Schools, Race, Poverty, and Jail


Schools, Race, Poverty, and Jail

There was a substantial difference in attendees at the June 1, 2015 Department of Justice (DOJ) hearings on race relations regarding youth and schools. There actually were some high school kids at the discussions. Most of them came as a result of youth organizations such as Dania and Matt’s work at SAGE, Joe and Maria work at YEA, Isabel’s and Angelique’s work at N-Cite, and Dee’s work at Future Focus.

The students brought with them their experiences of racism in the class room and elsewhere. When my kids went to North High School there was a history teacher who would use g.ks to describe Vietnamese, even with Vietnamese kids in the class. My children told us and we organized some parents to visit the principal and demand that teacher be fired. He was not fired, but he was allowed to retire after another year.

At the DOJ hearing people were asked what could be done. Unfortunately the enthusiasm of the kids could not replace the need to understand what had taken place in the past. Curiously City Councillor Konnie Lukes had some of that history, but she also brought arrogance and assertiveness to what should have been a discussion among peers. On the one hand she wanted to know the background of everyone at the table. Then she point out neighborhood schools was not desirable because of desegregation consent agreement and that curriculum was for the most part State mandated.

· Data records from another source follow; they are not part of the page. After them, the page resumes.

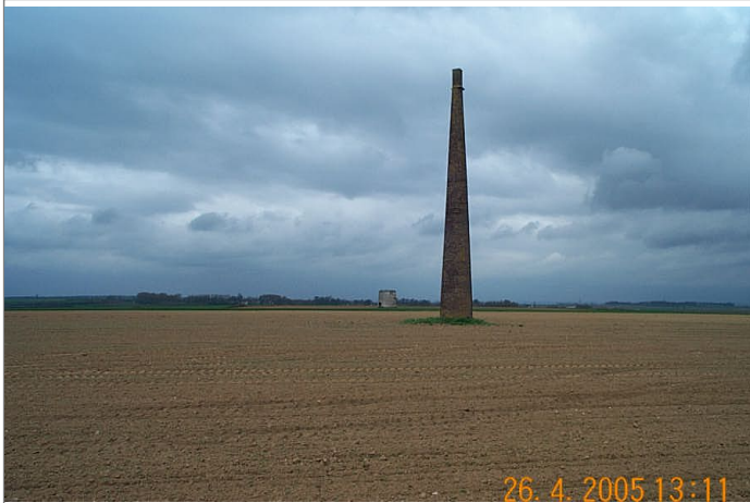
Azimut de la prise de vue : 372 gr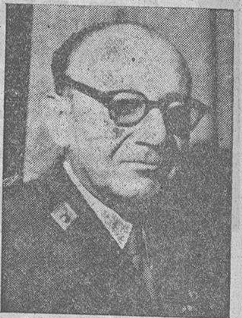
DON JORGE VIGON

Al levantarse a hablar el señor Vigón, todo el público le tributó una gran ovación. El ministro, en su discurso, después de unas palabras de saludo, comentó la ponencia que tiene puntos de contacto con la función propia de su Ministerio y más concretamente en el aspecto que se refiere a carreteras, ferrocarriles, puertos, obras hidráulicas y a las tareas de saneamiento de poblaciones rurales. En la parte final de su discurso, comentó asimismo la situación del proyecto del canal del Ebro y sentó afirmaciones muy halagüeñas, que fueron interrumpidas por aplausos, prometiendo la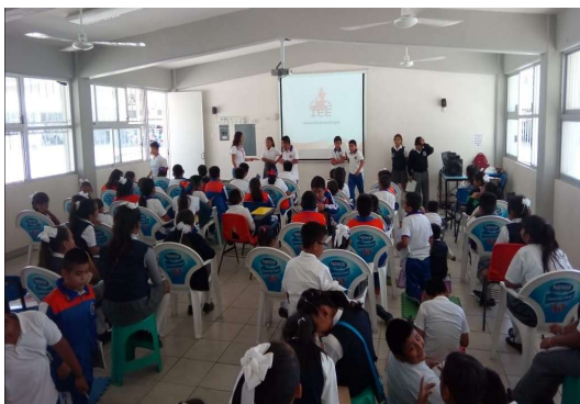
Taller de "Igualdad y no discriminación", sede Zacatlán, Puebla

Cabe mencionar que la citada acción tuvo como objetivo central, reflexionar con este sector de la población estudiantil sobre los conceptos de igualdad y no discriminación para la construcción de una convivencia inclusiva y armónica en sus entornos más cercanos.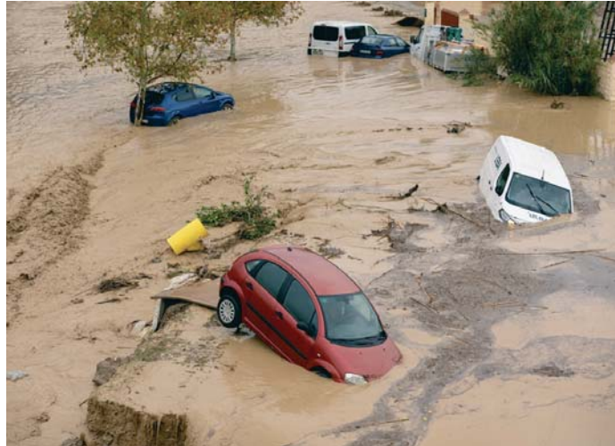
Estado en el que quedaron los coches tras el desborde del Guadalhorce en Álora (Málaga).

La Guardia Civil y el Consorcio Provincial de Bomberos de Valencia buscan al camionero desaparecido que se encontraba trabajando con su vehículo sobre las 13:00 horas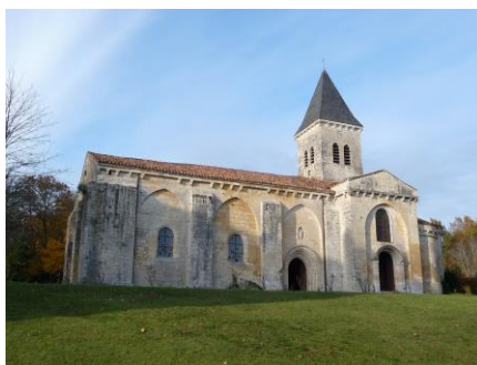
Abbatiale de Ligeux

Sources : Archives Départementales de l'Aude AC/91/GG11 - Archives Départementales de la Dordogne 5 E 317/9 - 5 E 317/29 - 5 E 461/12 - 5 E 550/11 - 5 E 550/12 - E DEP 5097 GG98 - E DEP 5098 GG100 - E DEP 5102 GG109.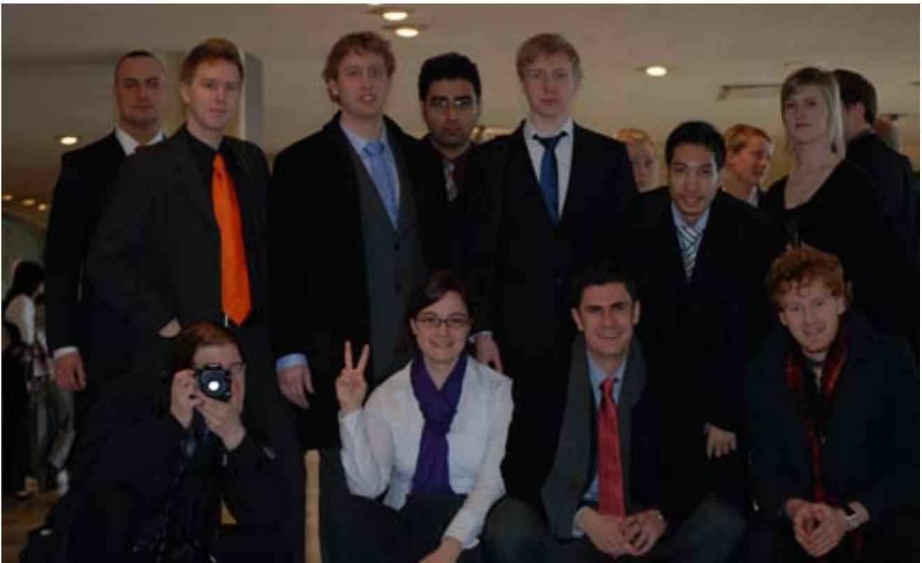
En del av UF-gänget poserar.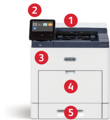
Принтер Xerox® VersaLink® B600 Печать.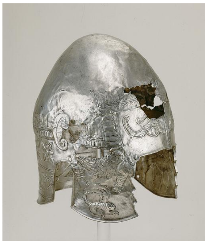
Mama Gaya Vultureanca pe obrăzar – Coif getic argint Porțile de Fier (astăzi la Detroit – SUA)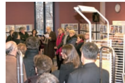
8 janvier, médiathèque de Libourne.

Toutes ces actions ont été menées, en partenariat avec des associations concernées par la Shoah, la Seconde Guerre mondiale et les Justes parmi les Nations.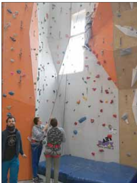
Das Dreierteam aus Uhlstädt in der Kletterhalle

Das Holzschindeldach für das Regal an der Spechtschmiede ist fertig gestellt. Nutzen konnten es bereits die Teilnehmer des 3-tägigen Wintercamps des Jugend- und Stadtteilzentrums Gorndorf . Die nächste Mitmach-Aktion ist für die Osterferien geplant, Anmeldungen werden bereits entgegengenommen.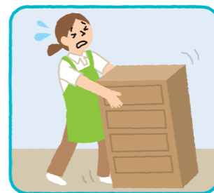
家具・電気製品等の移動、修繕、部屋の模様替え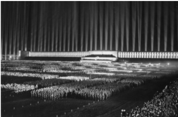
Nazi-Parteitag 1936 in Nürnberg.

Reich sprach von einer „Schere“ zwischen Ökonomie und Ideologie – oder auch zwischen dem empirischen oder Alltags-Klassenbewusstsein auf der einen und dem der Arbeiterklasse von Theoretikern und Parteiführern „zugerechneten“ oder „zugeschriebenen“ Bewusstsein auf der anderen Seite. Geiger wie Fromm führten sie auf ungleichzeitige, träge „Mentalitäten“ oder „Sozialcharaktere“ zurück. Ihnen zufolge verhinderten sie eine einfache „Übersetzung“ der ökonomischen Interessenlage in ihr entsprechende politische Optionen.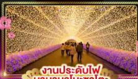
งานประดับไฟ นาคานาโนะซาโตะ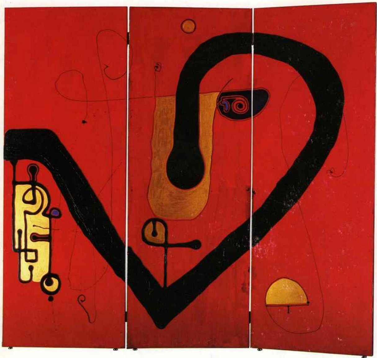
Exposition de Stefan Râmniceanu 21 mai - 21 juillet 2001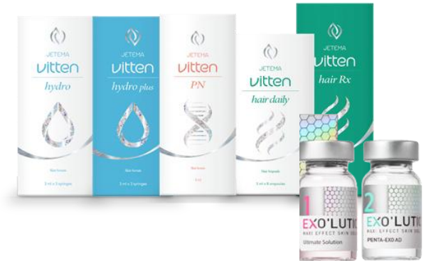
Skin Boosters (vitten® / EXO'LUTION®)

독보적 기술력으로 완성한 메디컬 에스테틱 토털 포트폴리오 자체 원천 기술로 개발한 보툴리눔 독신, 히알루론산 필러, 리프팅 실 등 에스테틱 전 분야 제품군 보유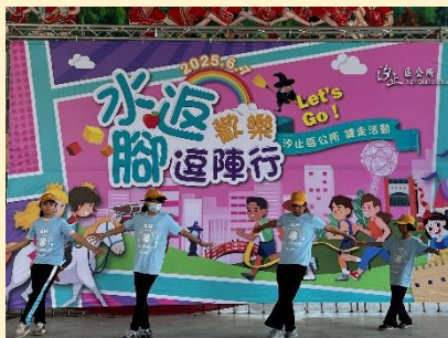
學生參與地方活動展現舞蹈才藝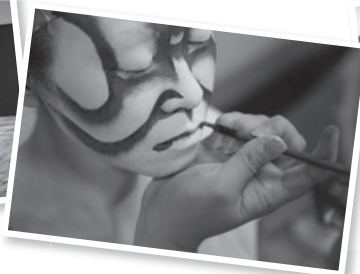
Thực diễn hóa trang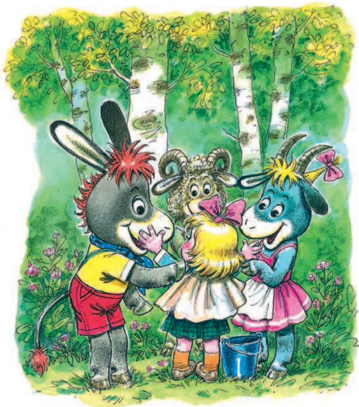
Рисунки А. Савченко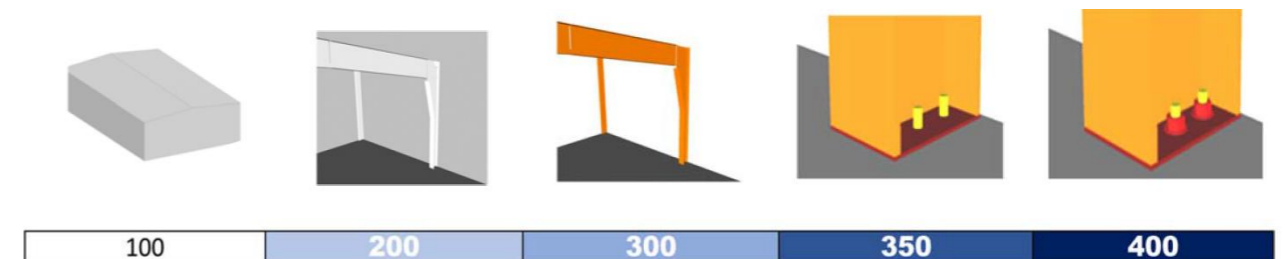
Fig. 05. Ilustración de la Guía de Especificación LOD de BIM Forum

El PEB inicial, sujeto a aprobación por parte de la persona responsable BIM de EMACSA, establecerá el nivel de detalle geométrico mínimo que debe alcanzar cada tipo de objeto para poder responder a los objetivos previstos para la actuación mediante la utilización de la tabla de objetos del ANEXO 05. Nivel de detalle geométrico de objetos BIM .

The Worcester Police Community Liaison Officer suggested that we look at the Nativity School for ideas. Although impracticable for a school system as large as Worcester, the Nativity School has a premise that low income kids have to be removed from the bad effects of poverty by means of long hours in school or in after school programs and school during the summer. It seems to be an effective pedagogy.

A member of the Progressive Labor and the Massachusetts Human Rights Committee raised the issue of no school to jail pipeline. She specifically attacked the proposal by the Mayor, City Manager, and others to have cops in the schools and the use of the criminal legal system to resolve school issues. She suggested mediation and other alternate forms of conflict resolution.

I am beginning to change my mind about the usefulness of the DOJ hearings. These hearings have allowed people to network. I still believe however that the announced goals of the discussions on race relations would have better served if the City Manager would have had direct discussions without the presence of people such as the Tea Party and Turtleboy and Billy Breault; all of whom are perceived as racists by some in the communities of color.


From this networking the voices of those dis-empowered hopefully will be stronger.